Btw, what are you feeding?


----------



## lau02 (May 24, 2009)

oh no take him to the vets.


----------



## miimii_1 (May 25, 2009)

Pets at home brand nuggets,
Pets at home brand hay

^^ Which they ate at the petshop before we got them
I've only had her 3 weeks and since then ive introduced a new veg every 10 days so far she's had carrot and cauliflawer leafs
We also put pro biotic and vitamin C drops in the water


----------



## Jazzy (Apr 15, 2009)

Nose/lip scabs


----------



## Jazzy (Apr 15, 2009)

miimii_1 said:


> Pets at home brand nuggets,
> Pets at home brand hay
> 
> ^^ Which they ate at the petshop before we got them
> ...


A lot of guinea pig people don't recommend putting the Vitamin C drops in the water. With a good diet they don't need them.


----------



## Nonnie (Apr 15, 2009)

miimii_1 said:


> Pets at home brand nuggets,
> Pets at home brand hay
> 
> ^^ Which they ate at the petshop before we got them
> ...


Sounds good. If they arent eating much vitamin C rich fresh feed, then a supplement is a good idea. The vitamin C within a pellet mix isnt retained for very long.


----------



## Jazzy (Apr 15, 2009)

You could also try giving them a few different types of veggies. My baby guinea pig has celery (cut up into small pieces cos it can be stringy and they may choke) small amounts of lettuce (but not iceburg lettuce as this is bad for them) Romaine is the best lettuce to give but not too much although they love it. Dark green cabbage is also excellent for them (will be called Fresh greens) I also get big bags of mixed salad from Tesco for my nine piggies and give them some everyday and they love it. Dandelion leaves are also excellent for them but make sure you don't get them where dogs have fouled or where the council have been spraying. If you find some in fields or in your garden just give them a good wash in cold water before you give them. I wouldn't have thought you would have to wait for 10 days between each introduction of vegetable though. I never have and my piggies have all been fine.:thumbsup: Just start with small amounts.


----------



## Nonnie (Apr 15, 2009)

It is a good idea to introduce fresh feeds one at a time. If you give 2 or 3, and they get the runs, you wont know which ones dont agree with them. That said, ive never had a piggie with the runs.

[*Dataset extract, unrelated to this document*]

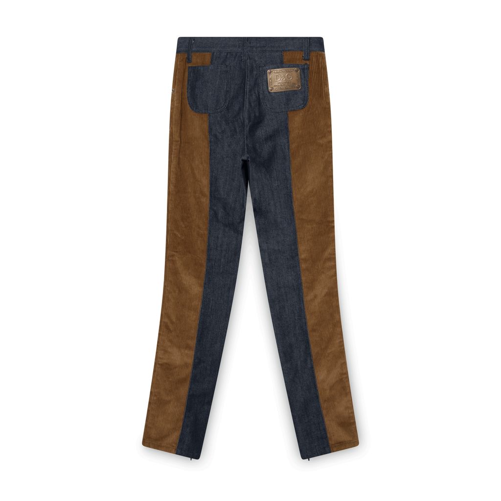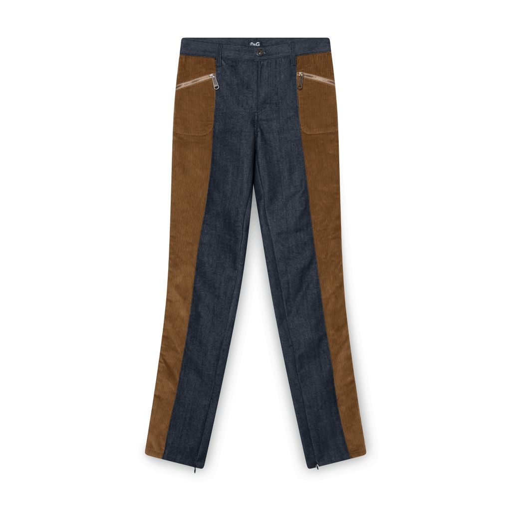 Dolce and Gabbana Split Corduroy Jeans features dark denim, corduroy side panels, and 2 side zippers.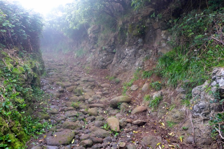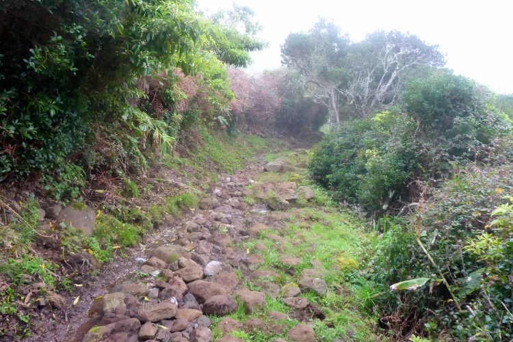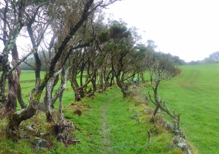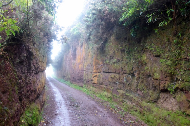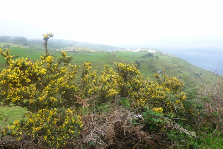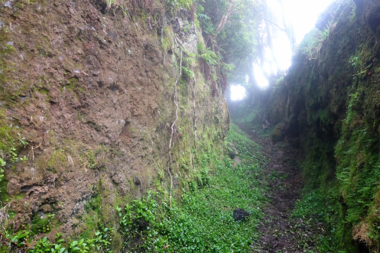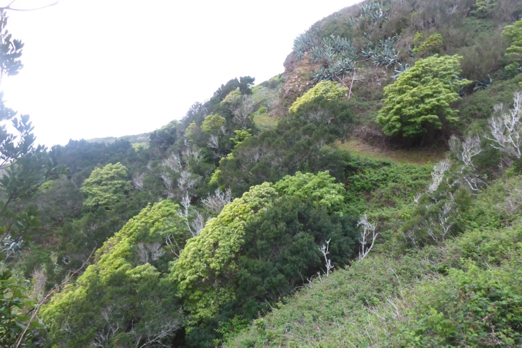 Nun geht es wieder steil bergauf, mal auf schmalen Pfaden, mal durch schlammige Hohlwege, mal auf Asphalt. Der Regen lässt die Aussicht auf die Bucht im trüben Grau verschwimmen. Bei Sonnenschein und blauem Meer muss es hier sehr schön sein. Die interessante Vegetation entschädigt für die fehlende Aussicht.

Dandelions are the BEST source of natural and fresh vit C.

Id avoid fruits personally, too sugary, and many are very acidic.


----------



## Jazzy (Apr 15, 2009)

No I never give mine fruits either. Yes one at a time is a good idea although mine have cast iron stomachs I think because they can eat greens for England and never have tummy problems. You do have to be more careful with the younger guinea pigs though and just give them a small amount.


----------